When a separate project is justified is a complex issue. In fact, I gave Neil Cowles of the Tolven project a stern lecture about why he should be working through the OSCAR project, which was the dominate Java based EHR project before Tolven came on the scene. Since that lecture Tolven has proven to me and the community generally that they are legitimate. It is possible that ExampleProject, despite its small beginning, will grow into a mature open source EHR. They could prove me wrong.

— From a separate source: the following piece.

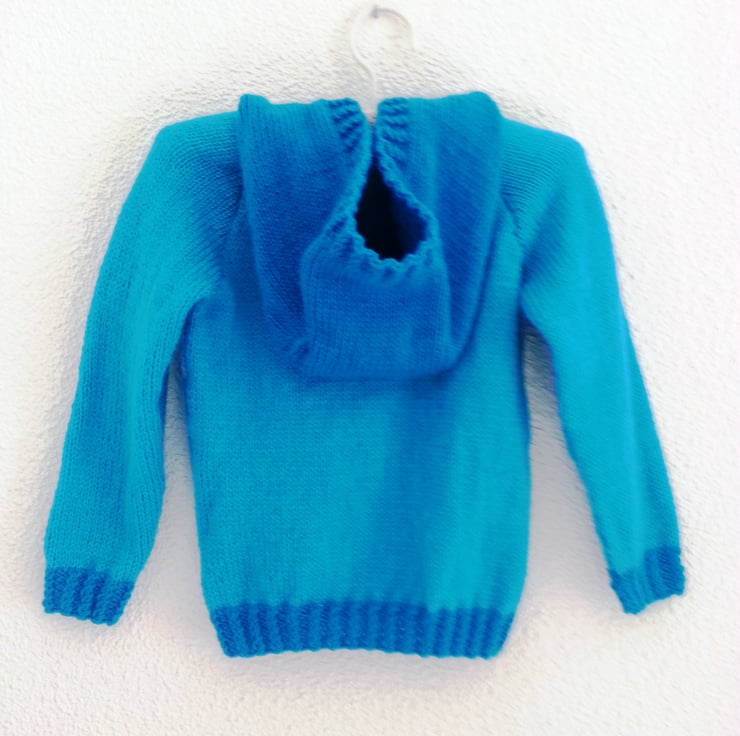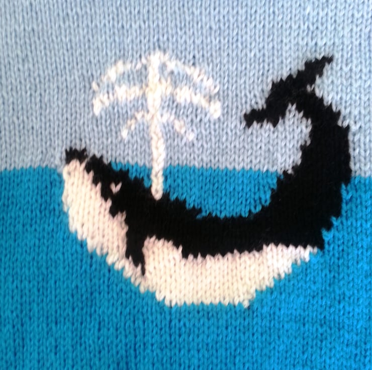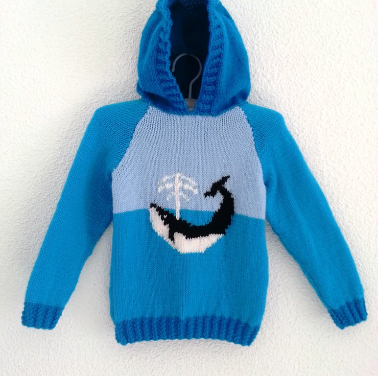 The sweater with hood features a Whale on the front and welts knitted in a twisted rib. Three shades of double knitting (8 ply) blue yarn have been used together with small amounts of white and black for the whale.

Right now I would guess that ExampleProject is about one year and a million dollars of development behind Tolven or OpenMRS. If you are a developer, clinician, investor, entrepreneur, or administrator you should probably work with Tolven or OpenMRS if you want a Java-based FOSS EHR. (I will update this article if this ever changes).
I hope I have accomplished two things at this point. I hope I have shown, through a hypothetical example and a real one, examples of when duplication of effort is a problem. I also hope that I have said enough about ExampleProject to steer those who might want to work with a Java-based EHR to Tolven or OpenMRS.
-FT
(updated to clarify content and remove offending project name in April 10, 2008 if you care, just go read an archived version to find out who ExampleProject was)

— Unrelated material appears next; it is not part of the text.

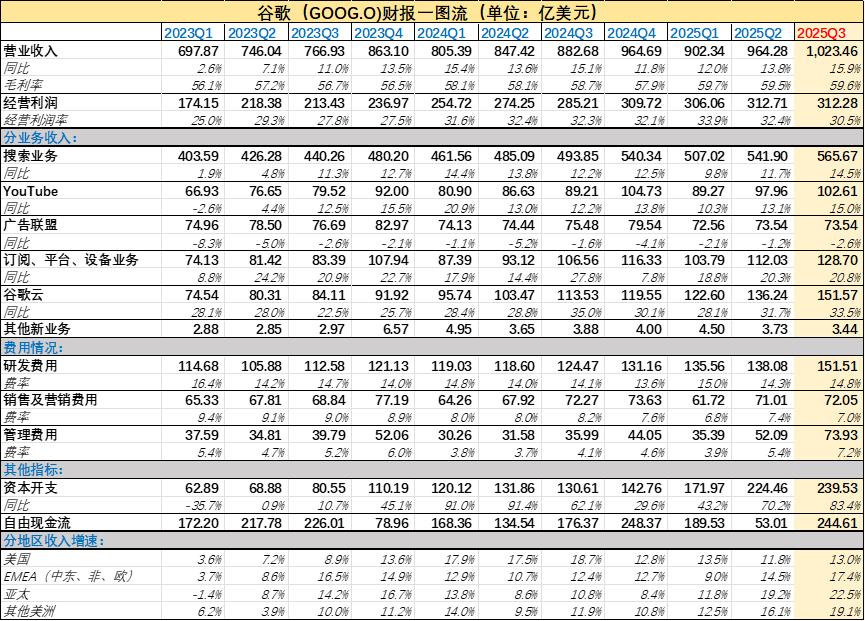 谷歌是目前為數不多既掌握桌面端流量入口(Chrome和Google),又掌握移動端流量入口(Android),還具備大模型能力(Gemini、Waymo等AI產品)和硬件(Pixel)的公司,因此谷歌的財報在一定程度上能夠反應現階段AI發展的全景。

(updated for readability Feb 27, 2008)
I was a little surprised when you started talking about Tolven and ******* (removed 4-17), because the issue of forking codebases is something I’ve been looking at in the past week or so and I thought you might be talking about the ClearHealth codebase.
I’m part of a small IT shop serving medical practices, and it strikes me that the same criticism that you apply to ****** (removed 4-17) could easily be applied to ClearHealth/MirrorMed. The availability of code is nice, but the message that I’ve gotten from reading what’s available is “if you’re a practice, please use our software; if you’re supporting practices feel free to fork our codebase and slap your own name on it.”
Sharing code is fine, but over time that strikes me as a recipe to grow lots of slightly-different versions unless someone (with more available time than I have) decides to fork the base and open it up wider for development by people outside the current 2-3 companies doing the bulk of the work. I know OpenEMR isn’t as polished-looking, but it seems to me that it’s a much more inviting environment for new developers to get involved with.
Alan,
Sorry I missed your post. It got buried with a bunch of spam. You have excellent points about ClearHealth/MirrorMed. A few thoughts:
ClearHealth has a pretty strict trademark policy, as you have stated. I would like to do something more friendly with MirrorMed, but the concern would be trademark-dilution. If someone is really interested in using the MirrorMed trademark I will probably come up with a better was to handle the dilution issue.
As for the development style of the various communities: OpenEMR is a very approachable community, probably the best project in that particular regard. ClearHealth and MirrorMed should open up, but from a business perspective, both companies are more interested in ensuring good products for our own customers, than working with a community that generates only infrequent patches.
If you have a serious code-contribution that you feel is being overlooked, let me know and I will see what I can do.
-FT
Code gets forked for all kinds of reasons, political, technical, social, financial, managerial. It has been this way for a long time, as long as I have been able to keep track of (late 1980s).
Some people work better on their own private copy of a project so that they can change anything and everything and not have to be a part of a community. If you, as a community, build a system which has a license that allows this behavior, it’s bound to happen.